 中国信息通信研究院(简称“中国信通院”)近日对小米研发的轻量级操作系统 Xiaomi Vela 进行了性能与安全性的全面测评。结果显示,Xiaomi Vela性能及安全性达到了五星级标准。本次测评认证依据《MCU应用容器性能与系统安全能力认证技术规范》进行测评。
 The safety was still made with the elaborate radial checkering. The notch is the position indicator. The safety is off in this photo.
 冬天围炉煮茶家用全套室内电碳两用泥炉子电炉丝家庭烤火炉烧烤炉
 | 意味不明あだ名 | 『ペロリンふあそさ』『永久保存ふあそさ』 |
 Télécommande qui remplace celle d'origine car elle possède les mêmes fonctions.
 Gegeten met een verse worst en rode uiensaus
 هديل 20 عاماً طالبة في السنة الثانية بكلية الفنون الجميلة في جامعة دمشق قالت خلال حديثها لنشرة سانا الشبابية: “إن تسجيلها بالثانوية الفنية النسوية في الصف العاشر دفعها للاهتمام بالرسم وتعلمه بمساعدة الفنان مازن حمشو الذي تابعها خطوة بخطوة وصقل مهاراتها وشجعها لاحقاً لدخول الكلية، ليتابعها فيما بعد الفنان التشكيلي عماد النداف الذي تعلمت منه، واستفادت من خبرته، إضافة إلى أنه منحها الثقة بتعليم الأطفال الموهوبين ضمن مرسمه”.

* * *

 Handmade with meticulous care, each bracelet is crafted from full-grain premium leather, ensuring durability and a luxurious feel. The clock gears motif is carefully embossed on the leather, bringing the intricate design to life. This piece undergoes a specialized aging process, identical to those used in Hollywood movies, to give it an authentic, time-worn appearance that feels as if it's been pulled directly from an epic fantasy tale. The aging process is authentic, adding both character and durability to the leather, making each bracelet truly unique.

==

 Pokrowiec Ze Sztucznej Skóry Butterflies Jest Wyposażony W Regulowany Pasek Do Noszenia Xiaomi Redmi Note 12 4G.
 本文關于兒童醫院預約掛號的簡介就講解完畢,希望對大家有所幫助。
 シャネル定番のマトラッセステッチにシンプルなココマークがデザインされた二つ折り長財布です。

INSTRUCTIONS TO FOLLOW: Each line above from the one with "本文關于兒童醫院預約掛號的簡介就講解完畢,希望對大家有所幫助。" up to and including the one with "シャネル定番のマトラッセステ" must be set down exactly, and no line outside that span may appear.

EXERCISE RESULT:
 本文關于兒童醫院預約掛號的簡介就講解完畢,希望對大家有所幫助。
 シャネル定番のマトラッセステッチにシンプルなココマークがデザインされた二つ折り長財布です。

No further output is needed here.